Material for this exercise START

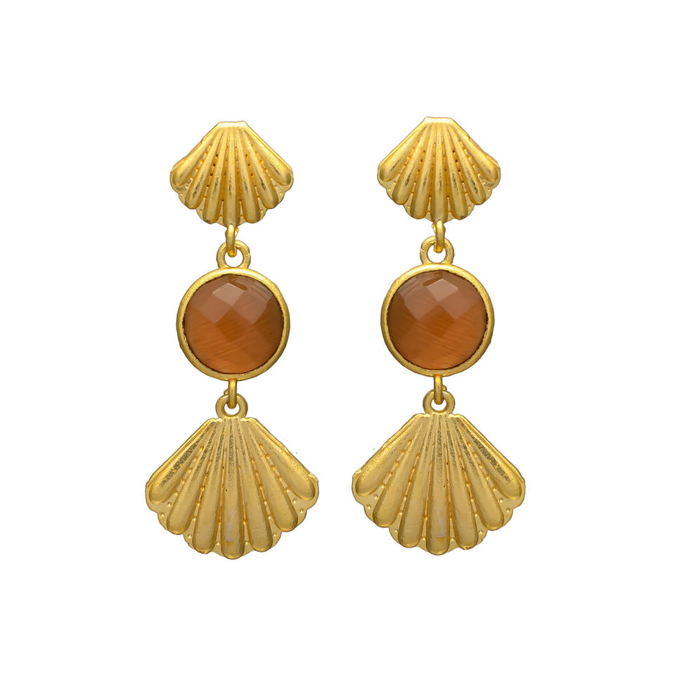 ต่างหูดีไซน์ใหม่สีทองประดับเปลือกหอย ดีไซน์โมนาลิซาสีน้ำตาล ประดับพลอย ตัวเรือนทองเหลือง สำหรับผู้หญิงและเด็กผู้หญิง
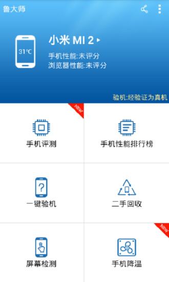 鲁大师安卓版是一款给安卓手机、平板进行性能评测、跑分的软件。通过八大测试,让你对爱机了如指掌。1、查看整体和单项硬件的性能得分,通过分数判断各硬件的性能。2、可查看本机操作系统的详细信息,包括SD卡容量,CPU型号、频率,系统版本号等多项信息。3、可上传分数并查看排名,通过排名查看分数高的机型,也可查看当前手机的排名位置。4、html5测试,支持跨平台性能测试,Android可以和iOS设备PK。5、支持把手机流量wifi共享给其他无线设备。6、超强手机真伪鉴别功能,让山寨高仿无处遁形。7、可以查看市面上所有安卓手机平板的配置。
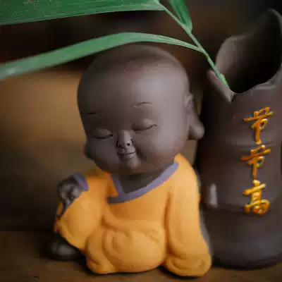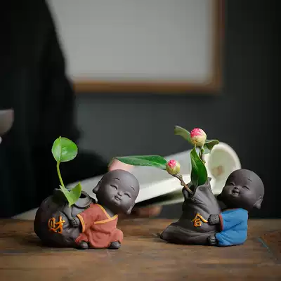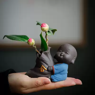 Creative golden ge flower arrangement hydroponic little monk tea pet decoration Purple sand can raise tea ceremony accessories Tea table tea set decoration
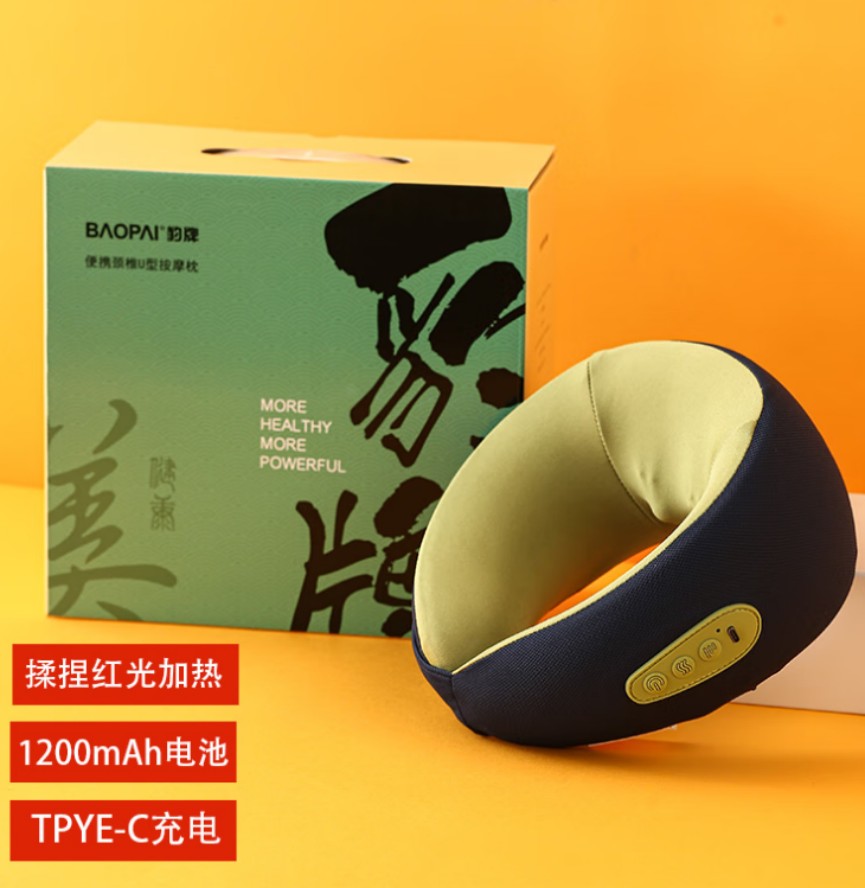 自营 豹牌 U型颈椎按摩枕高回弹海绵仿真揉捏红光加热 BP-U2¥280.80热销中
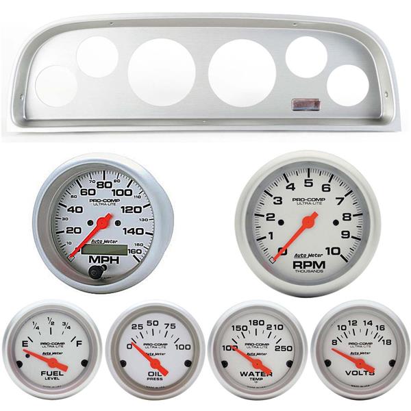 60-63 Chevy Truck Silver Dash Carrier w/Auto Meter Ultra Lite Electric Gauges
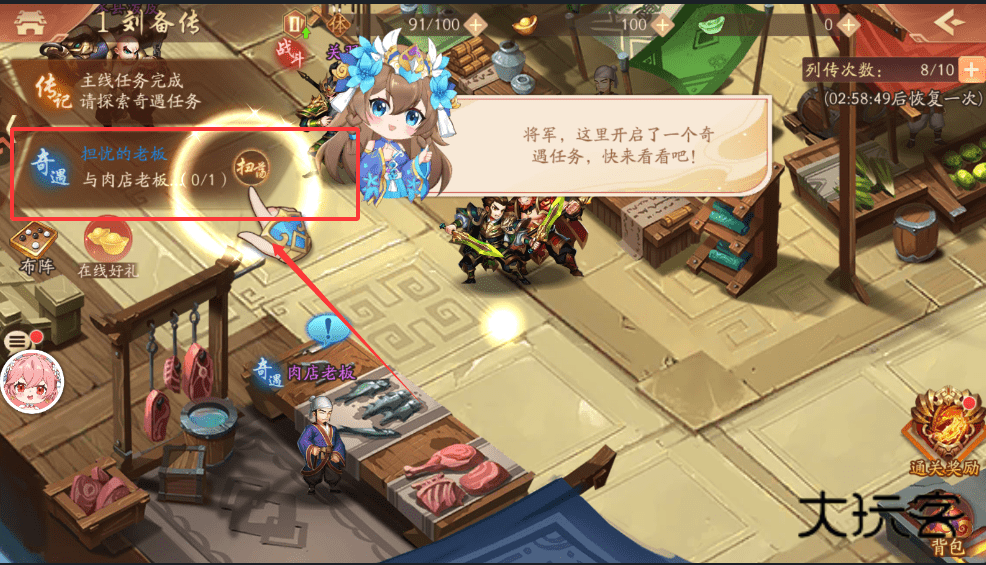 1、建议你去探索奇遇任务,比如这里的“担忧的老板”,你需要找到肉店老板对话,这个就是关键步骤了。
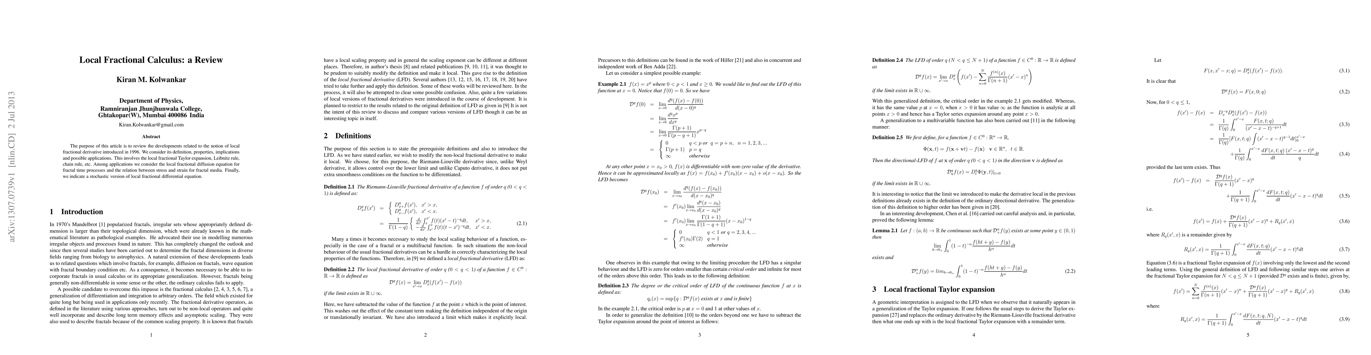The purpose of this article is to review the developments related to the notion of local fractional derivative introduced in 1996. We consider its definition, properties, implications and possible applications. This involves the local fractional Taylor expansion, Leibnitz rule, chain rule, etc. Among applications we consider the local fractional diffusion equation for fractal time processes and the relation between stress and strain for fractal media. Finally, we indicate a stochastic version of local fractional differential equation.

Material for this exercise END

Brief -
Retype exactly, and only, the lines from the one containing "自营 豹牌 U型颈椎按摩枕高回弹海绵仿真揉捏红光加热 BP-U2¥280.80热销中" through the end of the records above. Pictures stay out of the copy.

Response -
 自营 豹牌 U型颈椎按摩枕高回弹海绵仿真揉捏红光加热 BP-U2¥280.80热销中
 60-63 Chevy Truck Silver Dash Carrier w/Auto Meter Ultra Lite Electric Gauges
 1、建议你去探索奇遇任务,比如这里的“担忧的老板”,你需要找到肉店老板对话,这个就是关键步骤了。
The purpose of this article is to review the developments related to the notion of local fractional derivative introduced in 1996. We consider its definition, properties, implications and possible applications. This involves the local fractional Taylor expansion, Leibnitz rule, chain rule, etc. Among applications we consider the local fractional diffusion equation for fractal time processes and the relation between stress and strain for fractal media. Finally, we indicate a stochastic version of local fractional differential equation.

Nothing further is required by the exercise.